KKR declined to comment on the specifics of Powin’s debt facility.
Powin wouldn’t be the first cleantech company that failed after getting behind on its debt payments. Major rooftop solar provider Sunnova increasingly turned to corporate debt to raise cash as the market soured, then struggled to find cash for debt payments and fell into bankruptcy in June. Electric bus maker Proterra piled up corporate debt before its bankruptcy filing in 2023. When it’s time to pay the tab, even a promising customer pipeline is no legal tender.
Powin’s financial collapse triggered an existential question for all the storage plants out there running on its hardware and software.
“Everyone’s trying to figure out how to maintain their products and solutions and not have bricked systems,” the former customer said.
Software needs updates, as anyone with an iPhone is repeatedly reminded, and the same goes for the systems that tell huge banks of batteries when to charge and discharge. Energy market rules change; hardware trips up. If Powin simply ceased to exist, it would jeopardize the reliability of all the critical power plants running on its control systems.
But those anxious battery owners may soon get some relief now that software startup FlexGen became a stalking horse bidder in June, proposing to buy “substantially all” of Powin’s assets for $36 million.
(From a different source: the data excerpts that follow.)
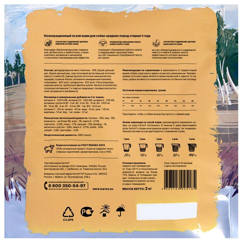 Сухой корм KARMY Medium Adult, для собак средних пород старше 1 года, Телятина, 2кг
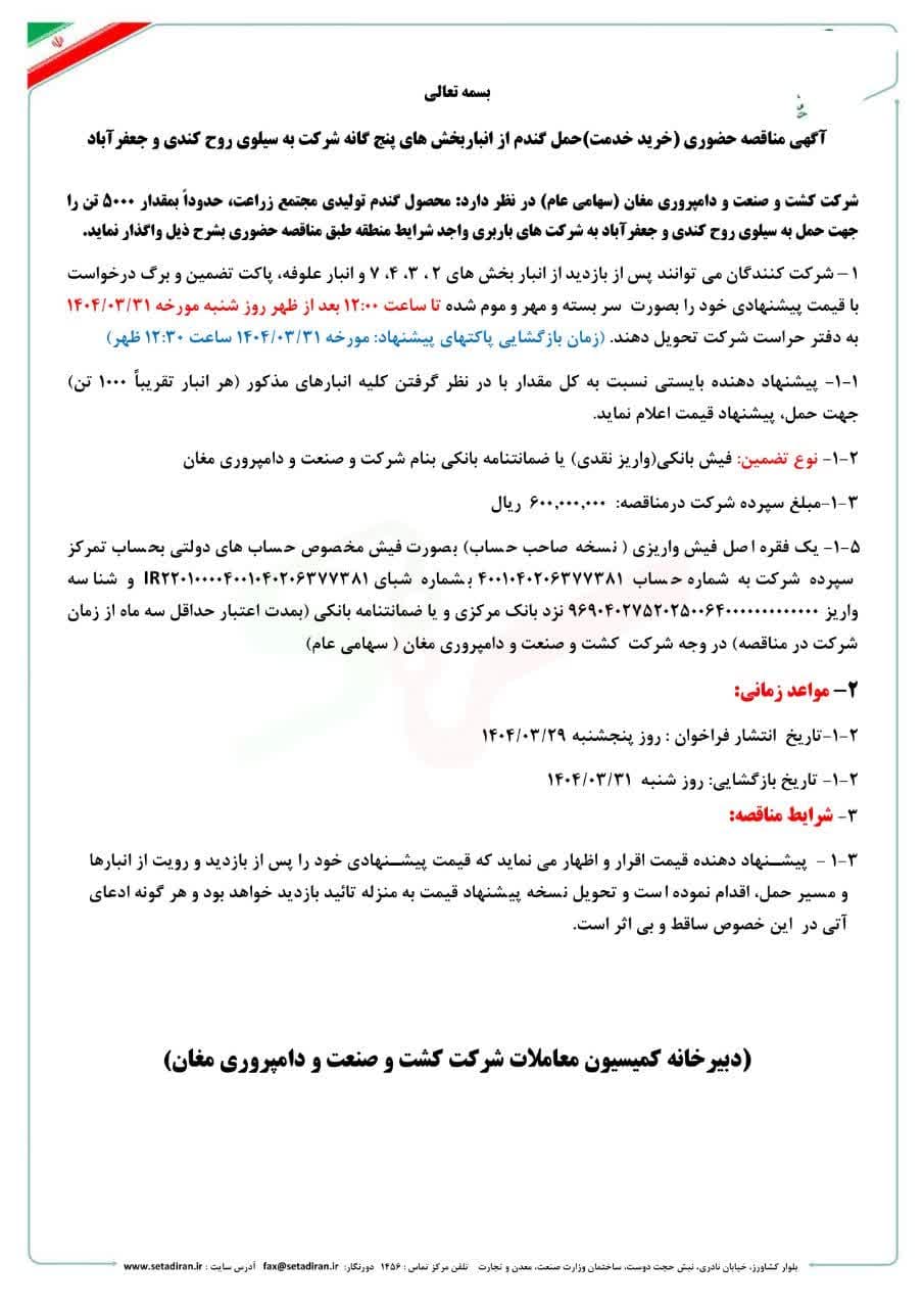 🔰(دبیرخانه کمیسیون معاملات شرکت کشت و صنعت و دامپروری مغان)
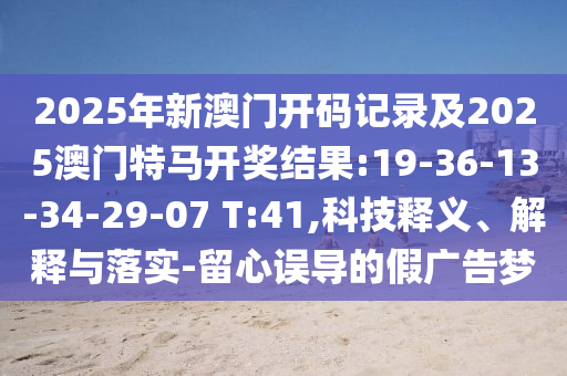 摘要:本文介紹了關(guān)于澳門(mén)特馬開(kāi)獎(jiǎng)的內(nèi)容,包括2025年新澳門(mén)開(kāi)碼記錄和特馬開(kāi)獎(jiǎng)結(jié)果。文章還提到了科技釋義、解釋與落實(shí)的重要性,提醒讀者要留心誤導(dǎo)的假?gòu)V告。文章內(nèi)容簡(jiǎn)短明了,旨在為讀者提供有用的信息和建議。

It’s also lending money to keep Powin operating in the meantime. There will still be an auction, and other firms could bid more. But if all goes according to plan, this process will conclude by early August.
FlexGen CEO Kelcy Pegler said he had great respect for Powin, and “gratitude for them being an early mover” in the grid storage industry.
“Powin was such a substantial part of the market,” Pegler told Canary Media. “FlexGen’s interest is in making sure the customers have a successful path to continuous operations.”
FlexGen, based in Durham, North Carolina, employs some 120 software engineers to constantly maintain and improve its storage management software, Hybrid OS, Pegler noted; that product works on whatever storage hardware the customer wants to operate. If the bid goes through, FlexGen will first provide Powin customers with a “continuity plan” that keeps systems running as they are, and customers will have the option to sign new long-term service agreements with FlexGen.
Customers will have good reason to switch over to FlexGen’s flagship product, Pegler added: An independent market study by cleantech data firm Orennia found that batteries running on FlexGen software performed better than those running on that of Powin (and other competitors) in the wholesale markets of Texas and California in 2023.
As for the business of buying battery cells and turning them into storage plants, Pegler is happy to leave that to the existing field of storage manufacturers. He plans to stick to software and services.
Powin has let go of much of its staff. The founders will lose their stakes, and the venture capitalists and private-equity investors won’t rake in a multiple on their few hundred million dollars invested. But a sale to FlexGen would protect Powin’s physical legacy: The gigawatt-hours of batteries installed across the world could keep on humming, as the energy storage market careens ever onward.